Рабби подавал пример и ему самому. Майкл понял, что он никогда не делал с латынью то, что рабби делает с английским. Он едва понимал, что означали латинские слова, и уж точно не мог разговаривать на этом языке. Как и святые отцы из собора, впрочем. Все они говорили по-английски. Священники и алтарные служки подавали латинские реплики, будто актеры в какой-то пьесе. Святые отцы нередко читали латинские молитвы прямо из книг, а служки – по памяти, как помнят. Отец Хини и вовсе проскакивал латинские молитвы галопом, будто они были ему скучны. Майклу нравилось, как звучат латинские слова, их льющиеся гласные и резкие согласные. Но они были частью кода, который он понимал не до конца.

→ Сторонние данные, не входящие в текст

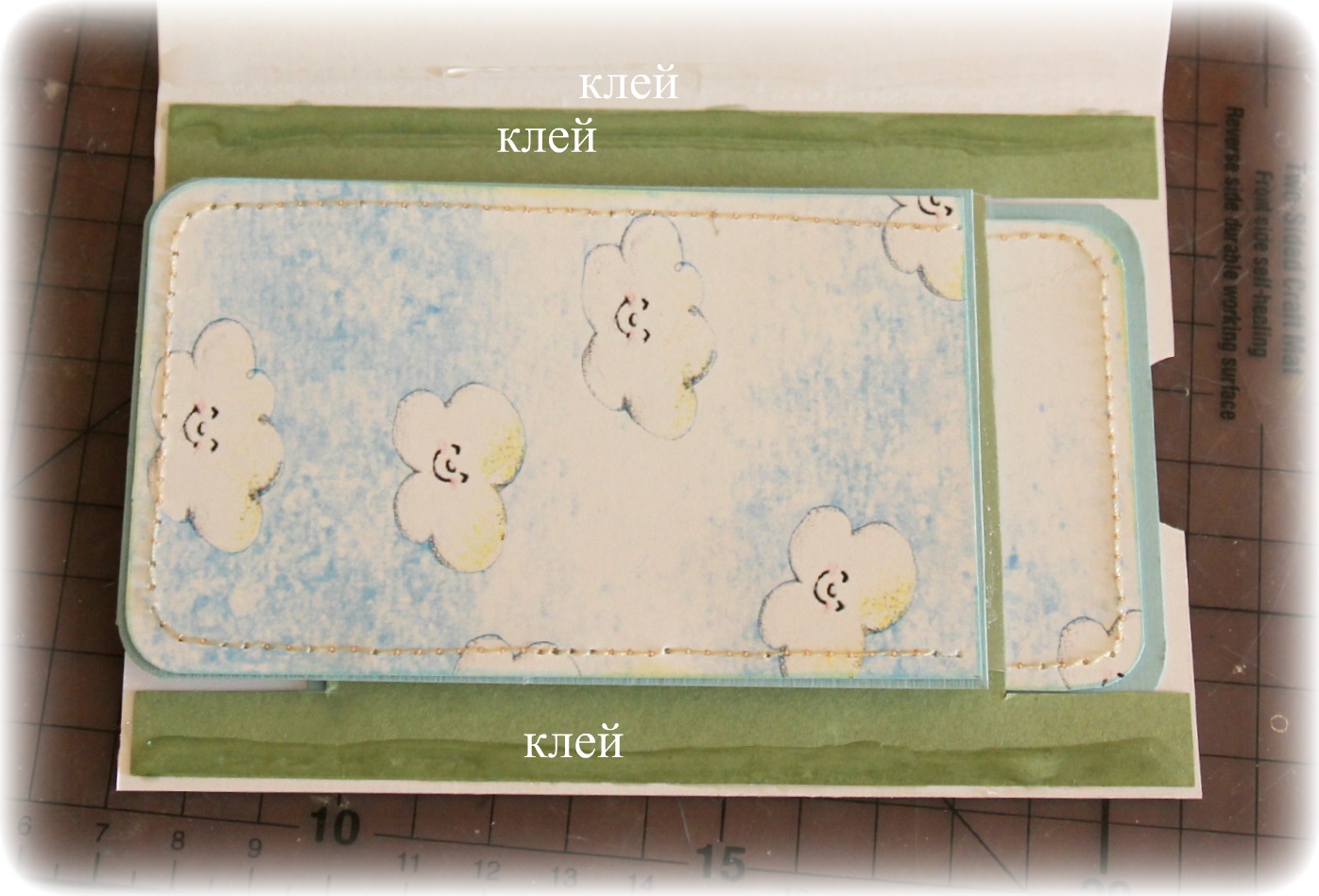 Дальше клеем промазываем края большой детальки зеленой у меня - не доходя до самой конструкции - и немного клея на сами зазоры основы открытки
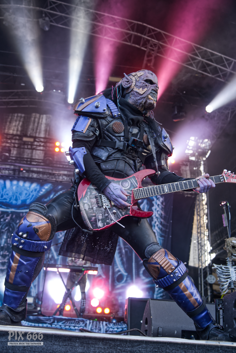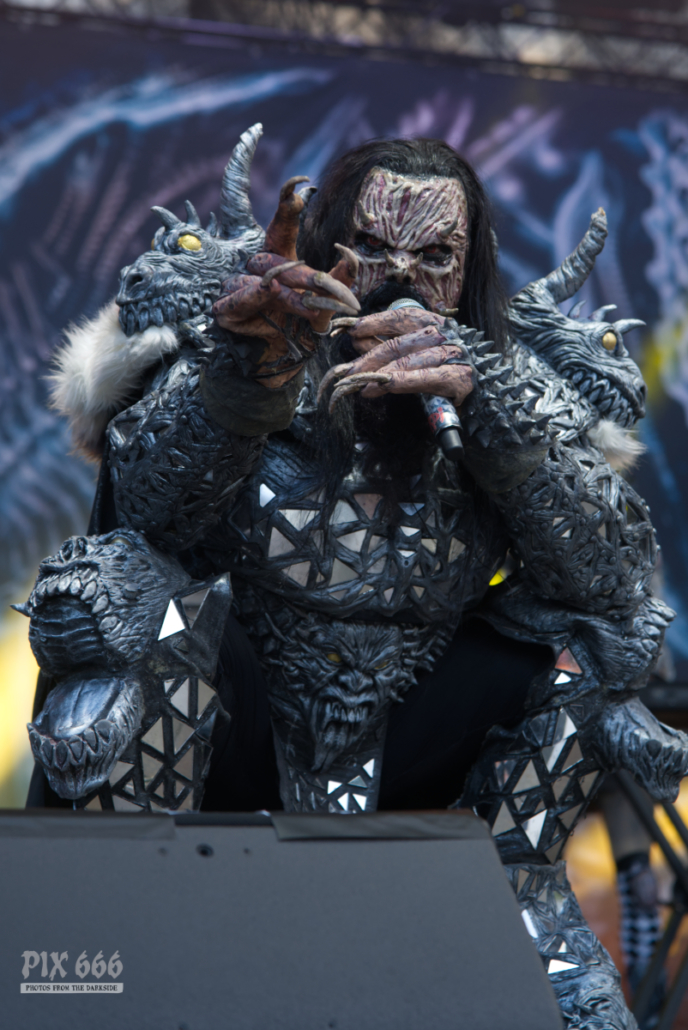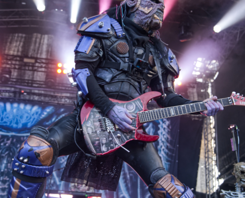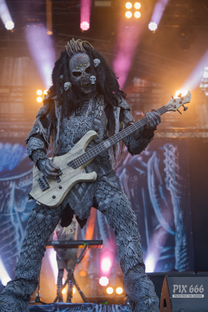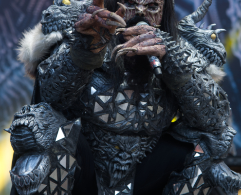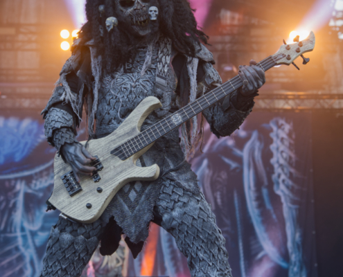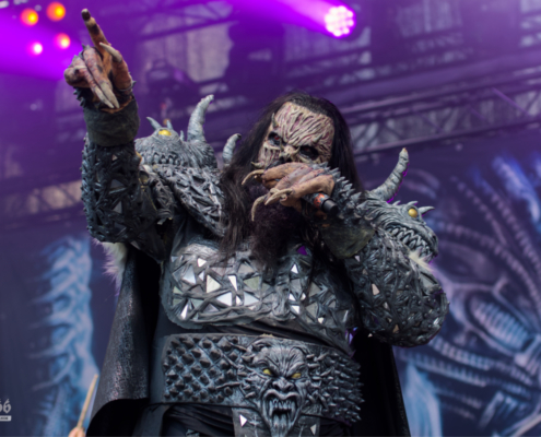 Und weiter ging es mit Metal-Legenden – denn am Freitagabend betraten nun Lordi die Bühne. Die finnischen Monster-Rocker verwandelten das Gelände in eine bizarre Horror-Metal-Show mit ihren längst berühmt gewordenen Kostümen und einem ordentlichen Schuss Selbstironie. Was die Besucher des Area 53 Festivals erlebten, war ein Spektakel, das sowohl visuell als auch musikalisch voll ins Schwarze traf. Schon beim ersten Song war klar – Lordi sind gekommen, um abzuliefern. Mr. Lordi selbst, massiv wie eh und je, thronte in seinem typischen Leder-Monster-Outfit über der Bühne und schmetterte seine Zeilen mit beeindruckender Stimmgewalt ins Publikum. Zwischen den Songs gab es kurze, witzige bis makabere Ansagen, und immer wieder gab es kleine Showeinlagen, die sich wie ein roter Faden durch das Konzert zogen. Zum Beispiel wurde ausgiebig der Unterschied im Deutschen zwischen ‚Ja‘ und ‚Ja Ja‘ analysiert. Aber natürlich kam die Musik auch nicht zu kurz, die Band war bestens eingespielt, die Gitarren kamen fett rüber. Natürlich gab es zum Schluss auch noch den weltberühmten Song ‚Hard Rock Hallelujah‘, der inzwischen weit über 100 Millionen Views auf YouTube hat. Auch ohne Pyro-Effekte lieferten Lordi eine sehens- und hörenswerte Show ab und das Area 53 Publikum war total aus dem Häuschen.
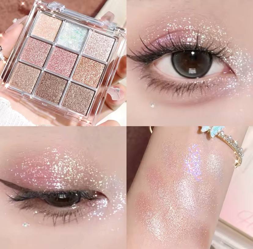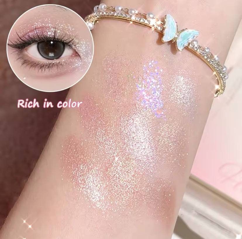 Palette de fards à paupière avec des paillettes fines nacrées pour une sublime mise en beauté féminine. Idéale pour les soirées, ces fards à paupière résistent à l'eau et font briller les yeux des femmes. Offrez-vous un regard féminin et étincelant avec cette palette.

Вдохновившись примером рабби Хирша, он обратился к отцу Хини и взял у него перевод литургии; спустя несколько дней латинский код уже был частично взломан. Но от этого нового знания он лишь приуныл. То, что говорилось в ходе мессы, перестало казаться чем-то загадочным. Ite, missa est, к примеру, означало всего лишь «ступайте, месса окончена». Deo gratias – «благодарю Бога». Прочитав последнее, он рассмеялся: именно так он порою чувствовал себя после мессы – долгой, медленной и вялой. Благодарю Бога за то, что это закончилось, теперь я прихвачу в пекарне булочек и отправлюсь домой завтракать. Благодарю Бога.
Но внезапный интерес Майкла к латыни был не таким сильным, как его всевозрастающее желание выучить идиш. Поначалу он согласился изучать язык рабби из вежливости и воспринимал их уговор как что-то вроде ловушки. Но затем их занятия все больше становились частью приключения. Конечно же, это не путешествие в Тадж-Махал, какое описал Ричард Хэллибертон в толстых книгах из библиотеки. И не поиски тигров-людоедов в Индии, предпринятые Фрэнком Баком. Однако Майкл почувствовал, что, изучая язык, он попадает в другую страну.
Было и кое-что еще. Поскольку с латынью он сталкивался на протяжении всей своей жизни, этот язык был ему знаком. Он был словно частью округи, чем-то, что известно всем, как церковь, фабрика или полицейский участок, кинотеатры «Венера» и «Грандвью». А вот идиш был чем-то странным, тайным, особенным, из всего прихода открытым только ему. В конце концов, египетский волшебник сообщил Билли Бэтсону магическое слово не на английском и не на латыни. Это было специальное слово на специальном языке. А если Майкл даже выучит латынь, то не сможет ни с кем разговаривать. Как язык латынь мертва. Так написано в синих книгах. К концу восьмого века от рождения Христова на латыни уже не общались, и она переросла в испанский, французский и другие языки… Но идиш был другим. Вот статья о нем, страница 3067 из «Волшебного мира знаний».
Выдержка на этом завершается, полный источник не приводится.